Some studies address the fact that the popularity of PCI has caused a high degree of “false positives”, meaning that ER doctors send patients to the cath lab who don’t really need it. For example in this study published in JAMA, 14% of of 1,335 patients with suspected STEMI who underwent angiography had no culprit coronary artery and 9.5% did not have significant coronary artery disease. These false positives result in insurers paying for risk-prone interventions where there is no benefit to the patient (for example, patients with stable coronary artery disease). In medicine, appropriate patient selection is critical to contain costs.
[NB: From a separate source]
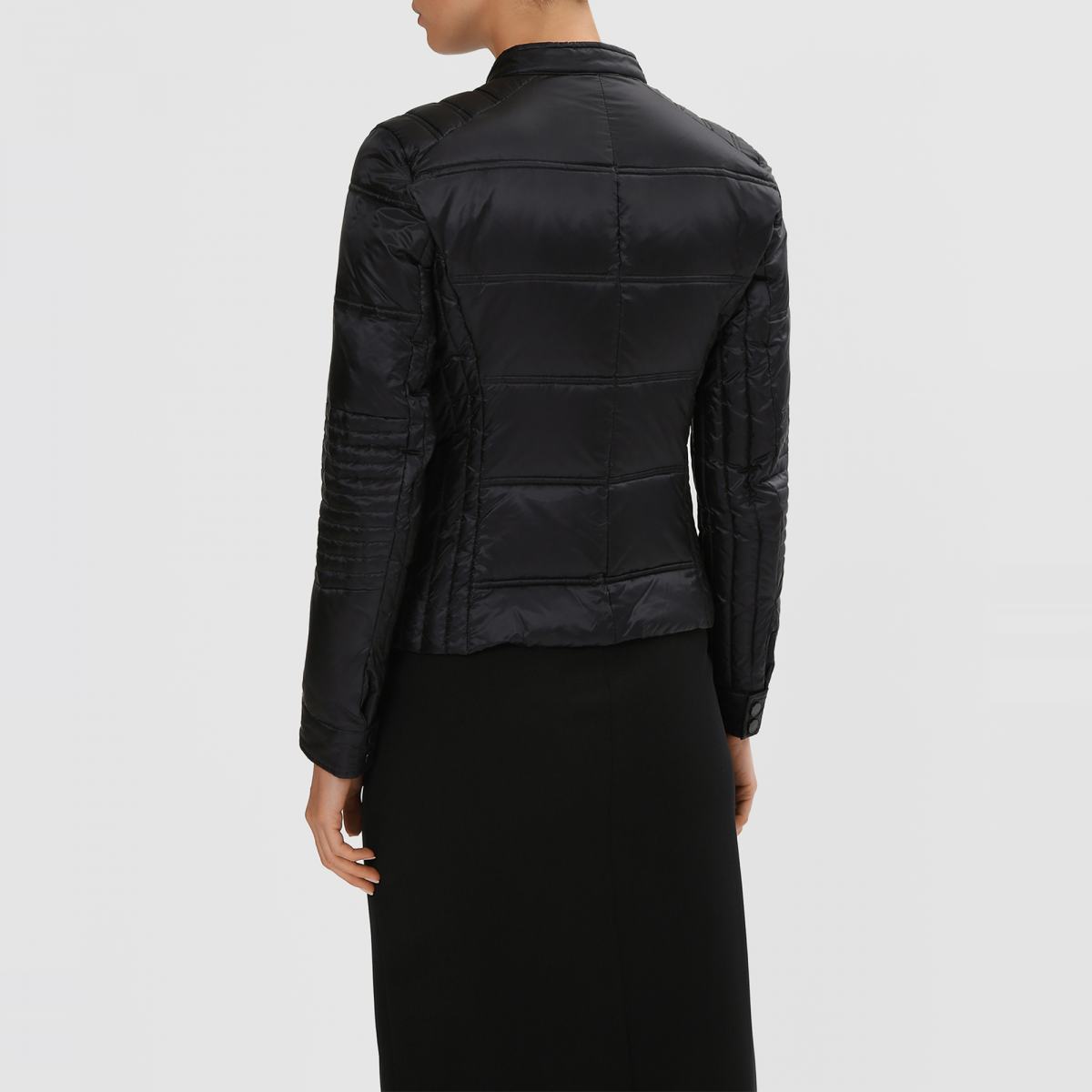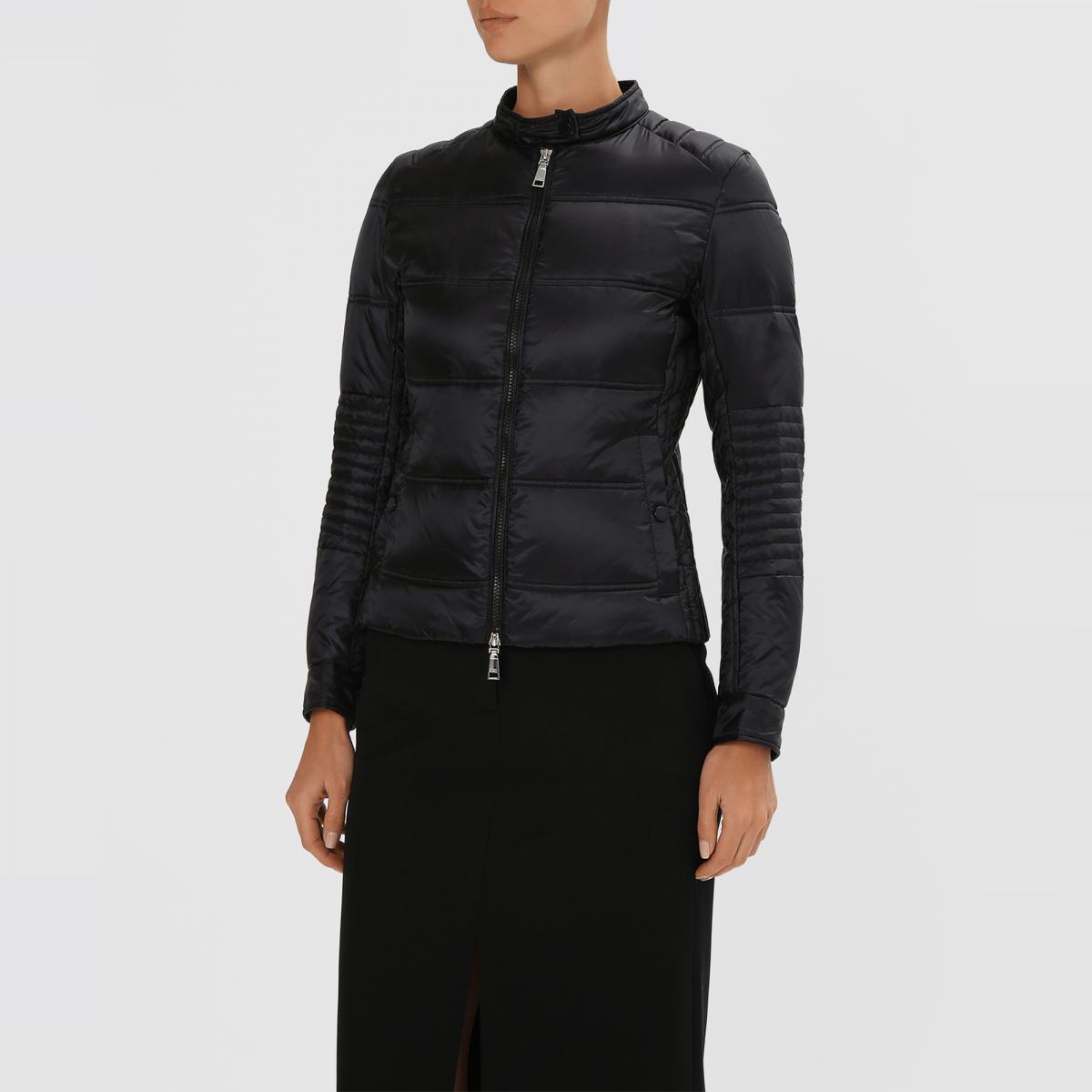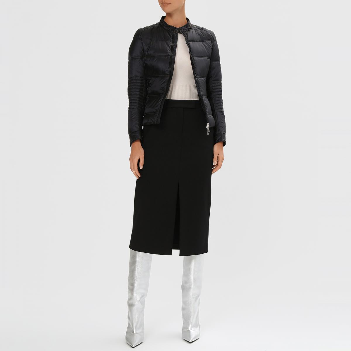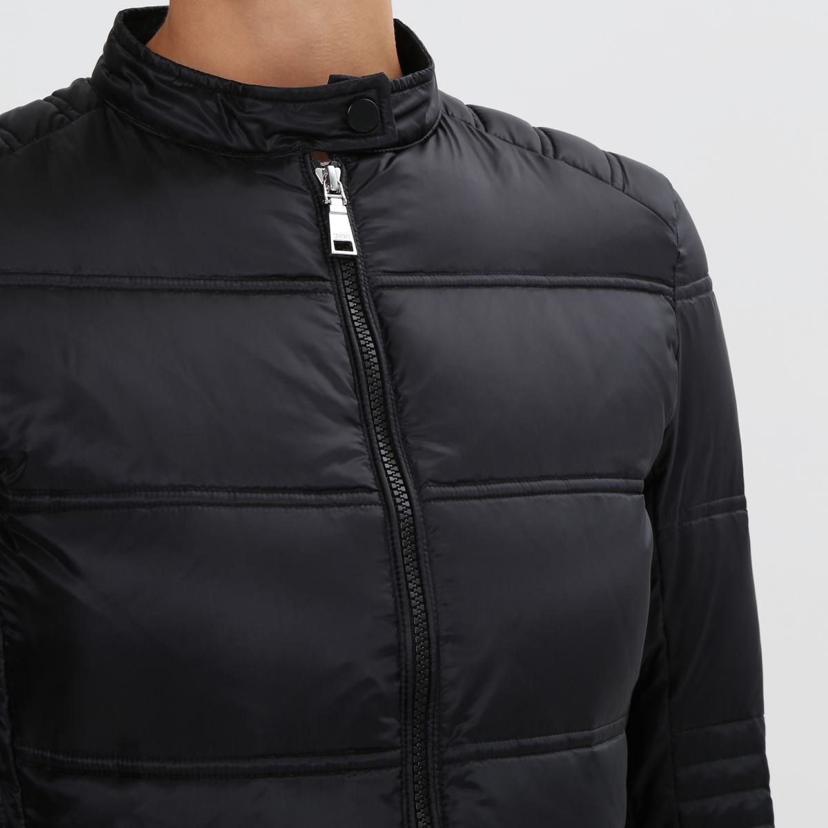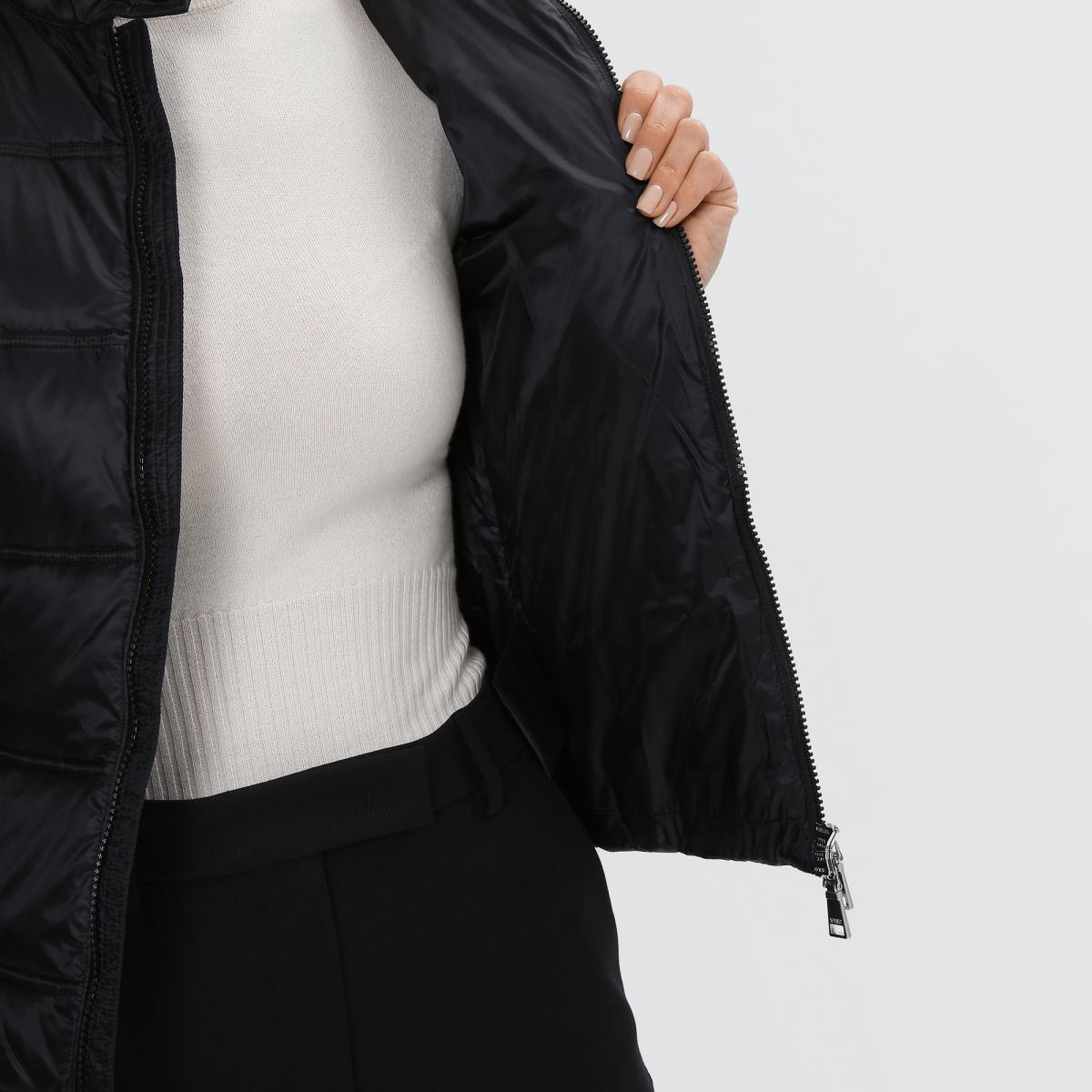 Стёганая куртка-пиджак Seventy из текстильной ткани чёрного цвета. Модель, вдохновлённая мужской модой, имеет короткий, облегающий крой, расклешённый дизайн, украшен двойной застёжкой-молнией и боковыми карманами на пуговицах.
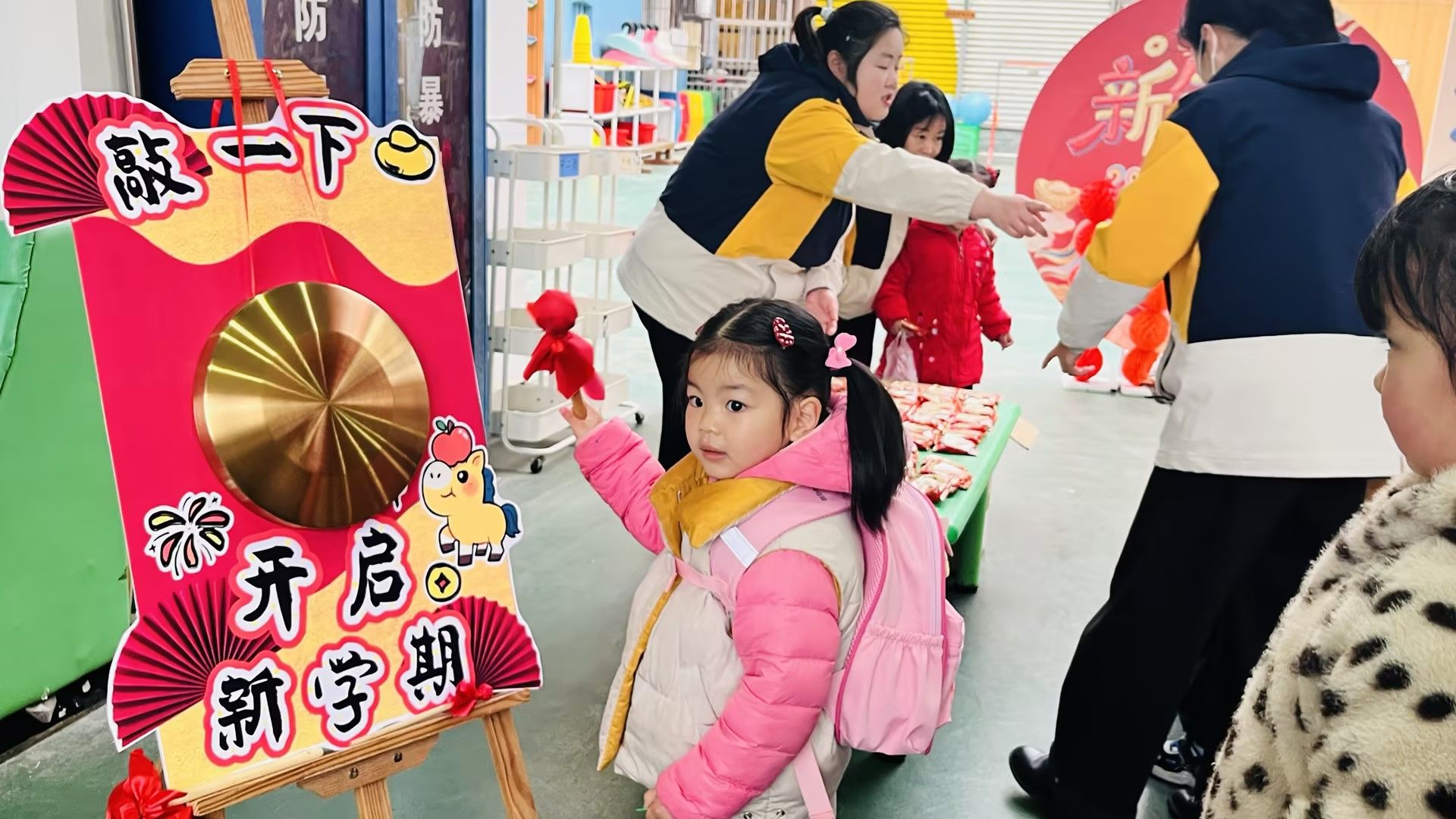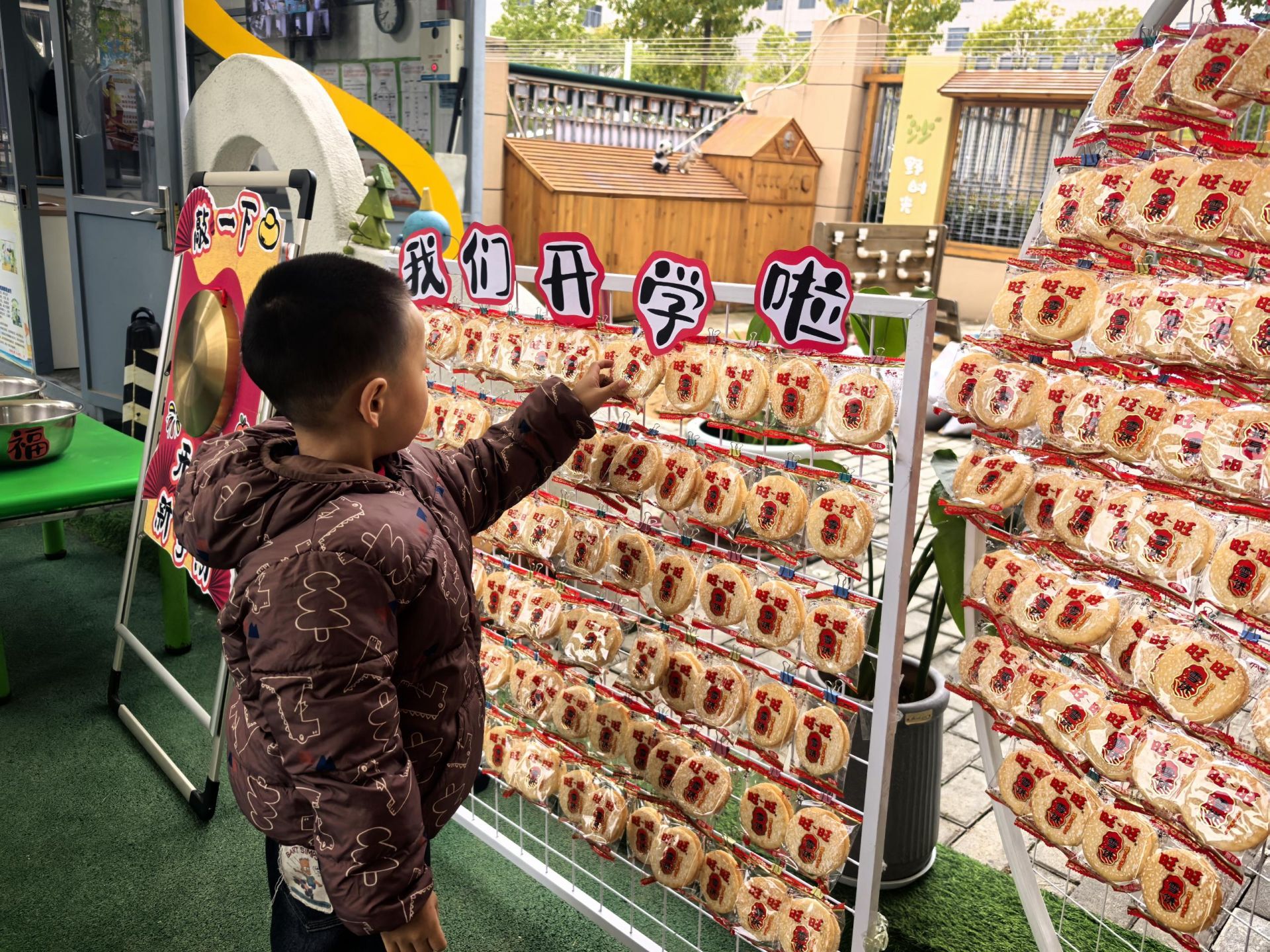 迎着晨光,孩子们有序入园,沉浸式参与趣味满满的开学仪式。“集百福米” 环节,孩子们将自带的各式米粮倒入“百福篮”,汇聚百家福气,这些米粮后续熬成香甜的“百福饭”,让孩子们吃下平安健康的美好祝福;“敲响新锣”时,小萌娃们依次敲锣,清脆锣声唤醒新学期精气神,寓意一鸣惊人;“旺旺打卡”环节,孩子们领取旺旺饼,在主题背景板前定格快乐瞬间,期许新学期身体棒棒、学业旺旺。

Patients who undergo primary PCI are at high risk for a complication called contrast-induced nephropathy (CIN), a disorder that develops as a result of exposure to contrast agents, which are used during PCI. CIN, which has a reported incidence rate of 5% to 50%, can increase mortality up to 30% following angiographic procedures. In a small percent of cases, CIN will result in dialysis. Unfortunately, the risk of CIN in patients with renal dysfunction has remained unchanged despite advances in catheter-based technology and adjunctive antithrombotic therapy. Furthermore, while the antiplatelet drugs used in conjunction with PCI to treat STEMI may lower the incidence of cardiac mortality, these improved outcomes come at a cost. Many articles highlight the fact that these powerful drugs cause increased bleeding complications, including higher rates of intercranial hemorrhage in patients over the age of 75.
Physicians, like everybody, have differing points of view. And like all of us, their personal biases affect their attitudes, perceptions and behaviors.
Such bias is evidenced in reading comments about a June 2009 article published in Circulation. This meta-analysis, which included both randomized clinical trials (RCTs) and observational studies, compared mortality rates of PCI vs medical treatment. The authors concluded that primary PCI is associated with long-term reductions in mortality and reinfarction in RCTs, but that there is no conclusive evidence for a long-term benefit in mortality and reinfarction in observational studies. Physician raters participating in the McMaster Online Rating of Evidence (MORE) system commented about the article online.
Reading the raters interpretation of this article is a powerful example of how point of view affects perception. For example, a cardiovascular surgeon commenting on the Circulation article concludes that the analysis confirms the superiority of PCI over fibrinolysis for STEMI.
“This is a very nice collation of RCTs and observational studies showing practitioners that even in their practices, the benefits of acute intervention far exceed use of fibrinolytics for STEMI patients. This is a more expensive approach, but the data certainly supports transfer to a PCI center whenever possible and should be information about which all practitioners are aware.”
In contrast, an internist commenting on the same article online finds the analysis less convincing.
"...shows a clear early mortality benefit of primary angioplasty over fibrinolysis in STEMI. However, less convincing evidence exists that primary angioplasty in the real world is associated with a better long-term outcome."